Me: *Duct tapes pile of Fruity Pebbles together.
Them: why do you add unnecessary adjectives all the time
Me: what do you mean, human friend
1998: stop playing pokemon and go outside
2016: stop playing pokemon and come inside
ME: I got us a penguin!
WIFE: Why would you think I’d want a penguin??
PENGUIN: Maybe not everything is about what you want.
ME: *Points at penguin* That. Yes.
I speak 3 languages. Unfortunately no one else in the world speaks 2 of them.
I doubt my humanity the most when I’m trying to read those wavy, twisty scripts that are meant to verify you’re human.

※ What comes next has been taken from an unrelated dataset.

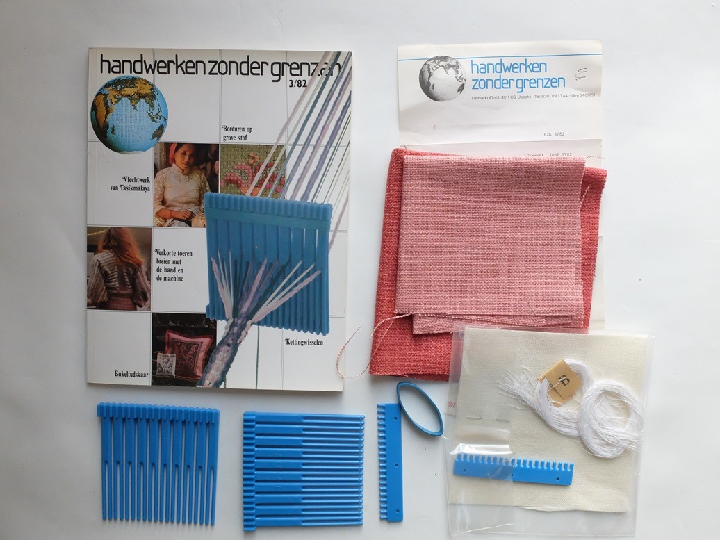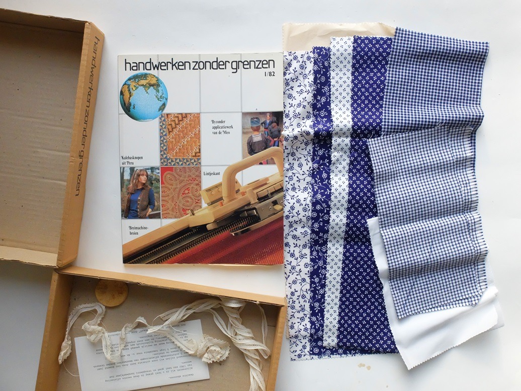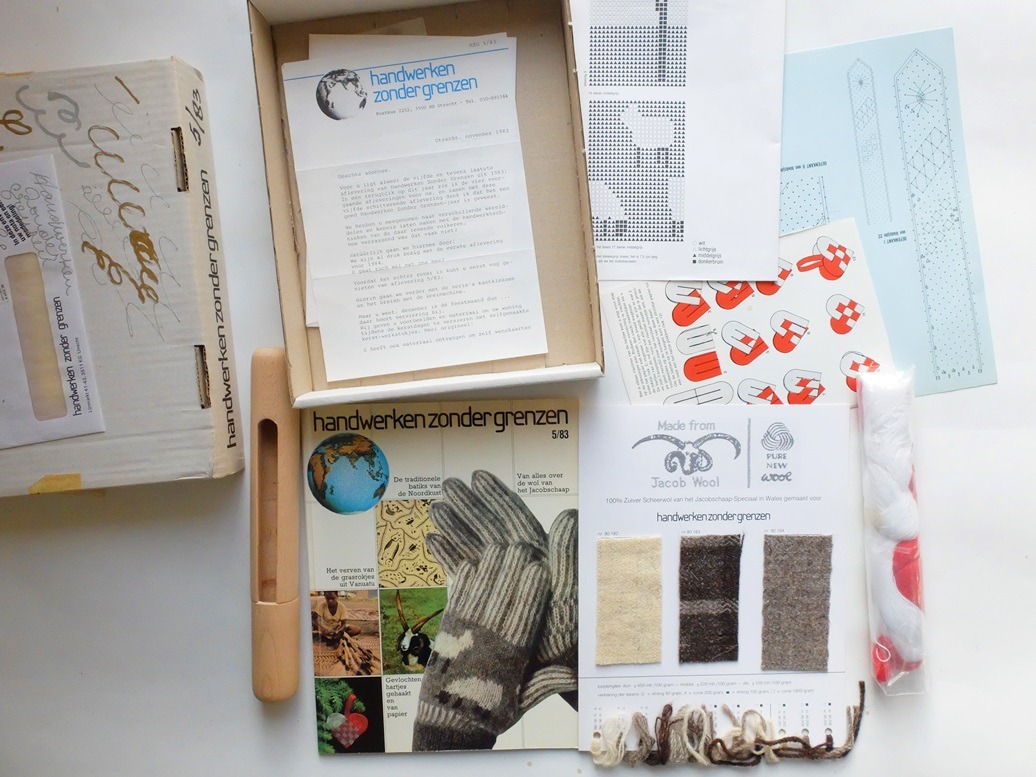 Grote bananendoos vol met handwerkpakketten, uit de begintijd van het tijdschrift Handwerken zonder Grenzen.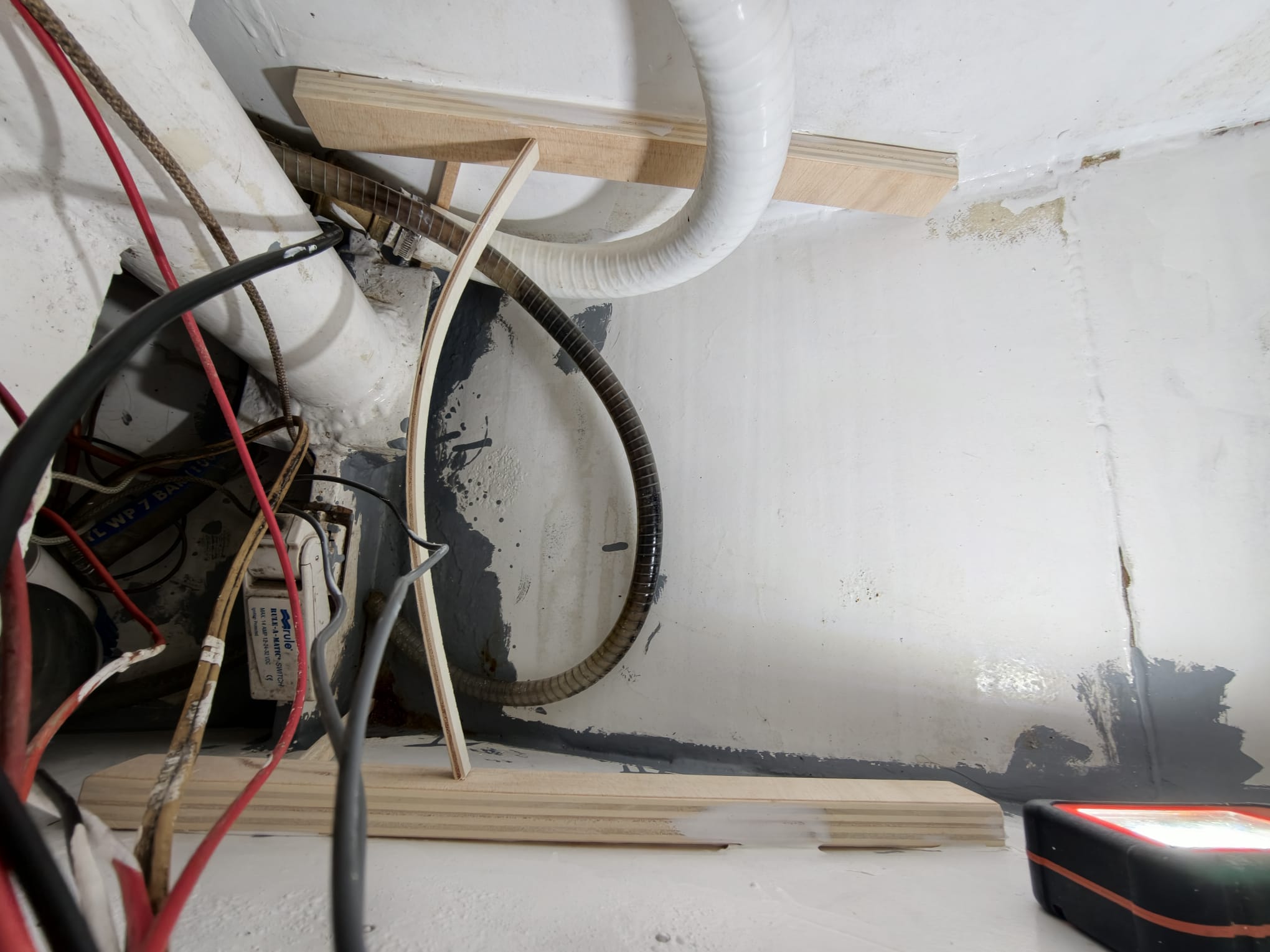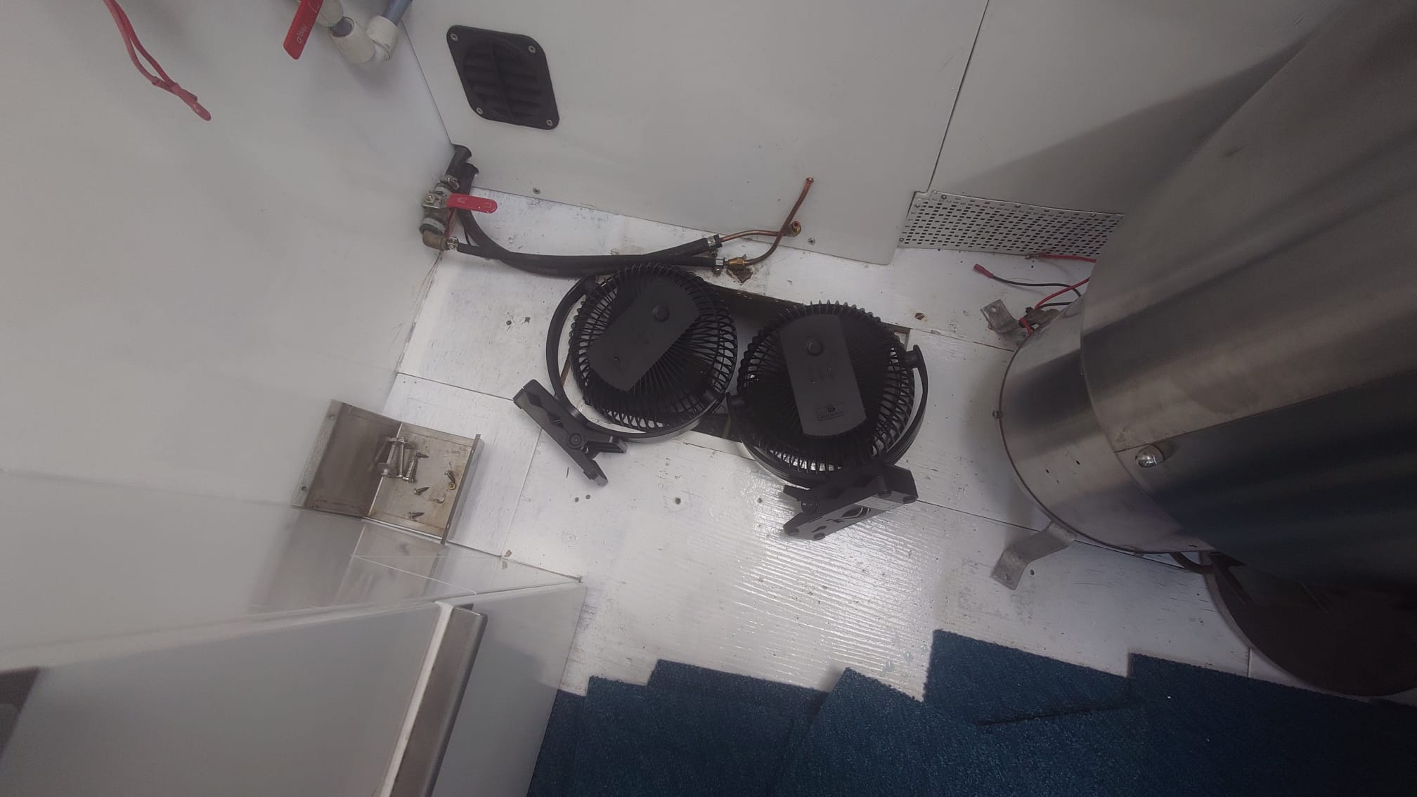 When we check under the floor, it’s not really dry yet. So, we put 2 fans to blow some air under the floor.

MOB BOSS: It has come to my attention that within this very room, we have a SNITCH
HARRY POTTER: Oh hell yeah I’ll get it
I’m just one bad financial decision away from a flip phone.
EVOLUTION: Behold, the cat, the perfect combination of stealth, power, and aggression. After millions of years, I have finally created the greatest hunter of them all.
*I place a very small bell on the cat’s collar*
EVOLUTION: No! Stop! You’re ruining it!!!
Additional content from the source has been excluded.